# How to stop my dog barking at my horses . . . help please.



## wonkey_donkey (4 October 2009)

We rehomed a 14 month old Rotti bitch 2 months ago and she is a really lovely good natured dog. 

However, she has started to bark at my horses all the time and it's really getting on my wick !!

Her behaviour is on the increase rather than calming down and I am concerned it will keep getting worse.  

She was not neglected in her previous home and until she came to us she'd had no contact with horses.

I keep telling her 'NO' but she takes no notice and it's starting to upset my other two little dogs cos they think I'm telling them off instead !!

She's also had two decent kicks up the backside off the horses who got fed up with being woofed at but this has not put her off.

So pleeease can you guys help with any suggestions of how to stop this behaviour ???


----------



## Maesfen (4 October 2009)

Try a water spray at her any time she does it whether it be by hosepipe or a bottle spray but have it on high pressure rather than just a dribble spray.  We have a basset that has to bark when you let them out, he just can't help himself and he knows it's wrong; this stopped him but he's brainy enough to know we haven't got the bottle handy every time, lol!


----------



## ucmeicu (4 October 2009)

you can get anti bark collars, some nasty ones that give an electric shock  but there are kinder ones which release a squirt of citronella   havent had to use either but they are available if all else fails. Have heard the water spray mentioned above works well but you have to be very quick with it!


----------



## CAYLA (4 October 2009)

Always keep her on the lead when near then so you can reprimand her for any over selous behaviour, try not to tie her up from afar as she will only get frustrated nor let her circle them, she needs to be close to you when she is around them u can keep her calm and under control, try starting by maybe having her in the stable whislt u are brushing the horses down, when she can see them in a calm state do this as a one on one whithout the other dogs around, tie her to something for safety this way she is close to the horse so less likley to get frustrated but safe enough not to reach and close enough for a reprimand, tell her to DOWN firmly even take a long a long lasting bone for her to knaw on quietly, this way she has something else to focus on, after a good few sessions of this start to walk the horses out and get someone to hold her close behind, again to reprimand any over selous behaviour either by a check on the check chain, or get a halti so u have more control of her head to pull here in on tell her LEAVE, also take some treas like cheese and chicken breast and when she is calm and ignoring then slip her a treat, the key is to work with her close to them at first but at a safe distance and not from a great distance where u are constantly shouting at her from a far.

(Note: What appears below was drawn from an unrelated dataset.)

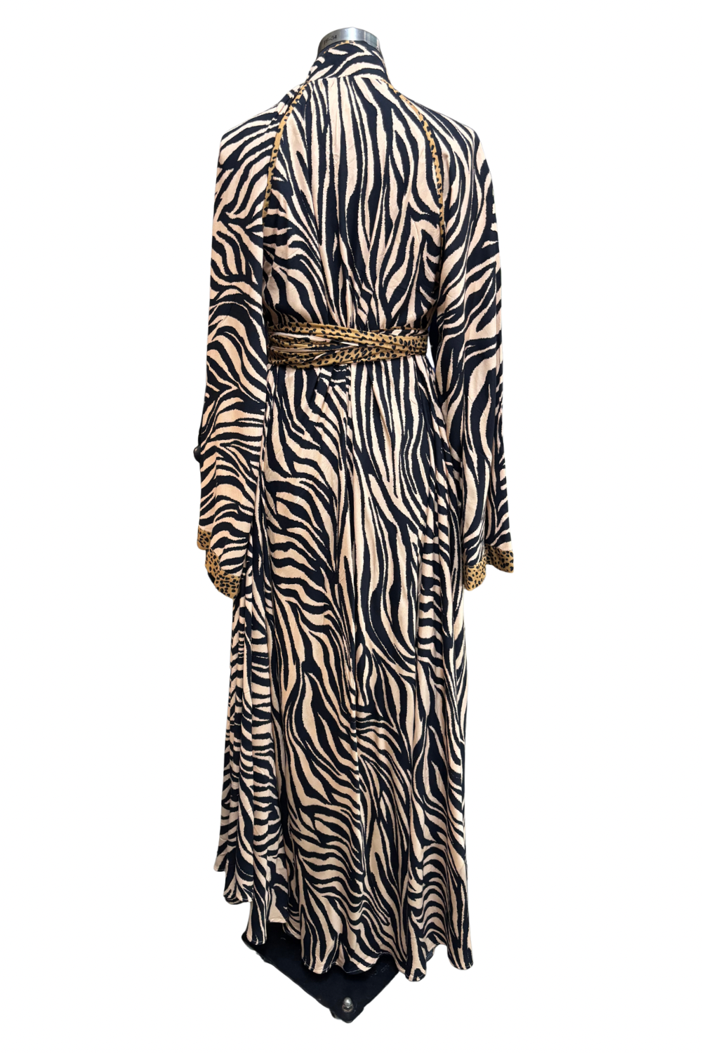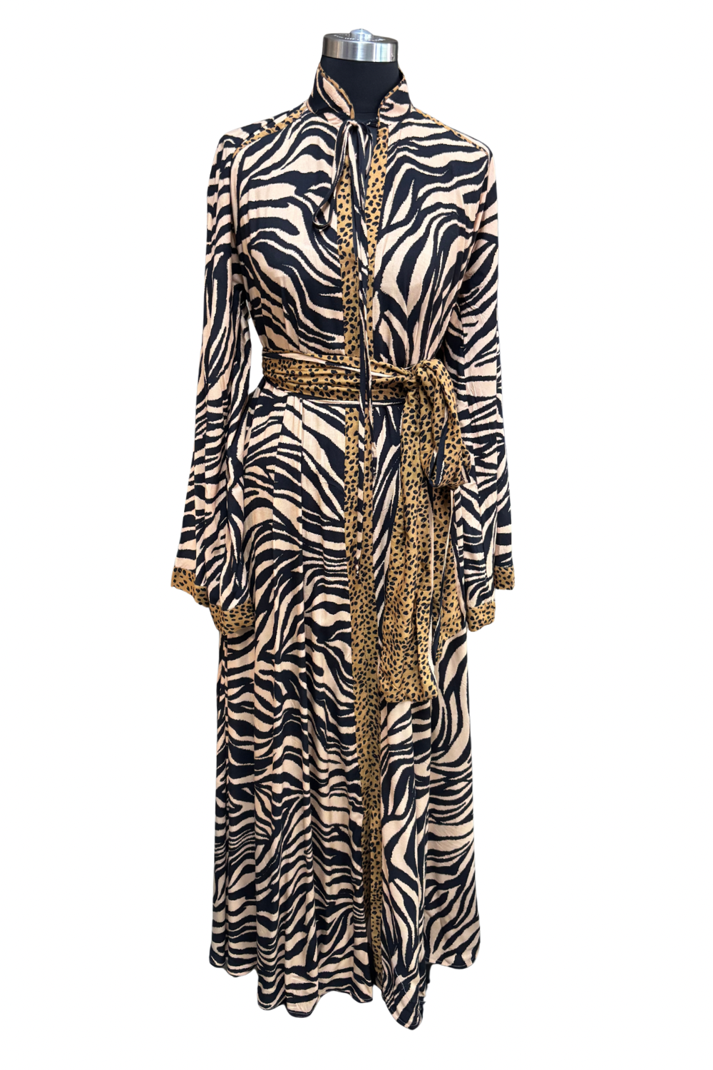 The body features a black and brown zebra print, striking yet grounded — a nod to Africa’s untamed grace. A leopard-print optional belt ties the look together, allowing you to cinch the waist or wear it loose and languid. The kimono-style sleeve, finished with a subtle welt detail, adds to its ease and timeless sophistication.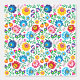 このフォークアートデザインは明るい色の花の柄を特徴とする。

Also try and take her for a good run or walk b4 your training sessions to calm her down and drain some of her energy and obs u could include as suggested a spray collar to reprimand the barking in with the training sessions.

Itmay be a good idea to work on some distance control, u may want to find a training class that offers this so u can eventually control her from afar when u see signs of her settling so u can command her DOWN, and stay via hand signals.


----------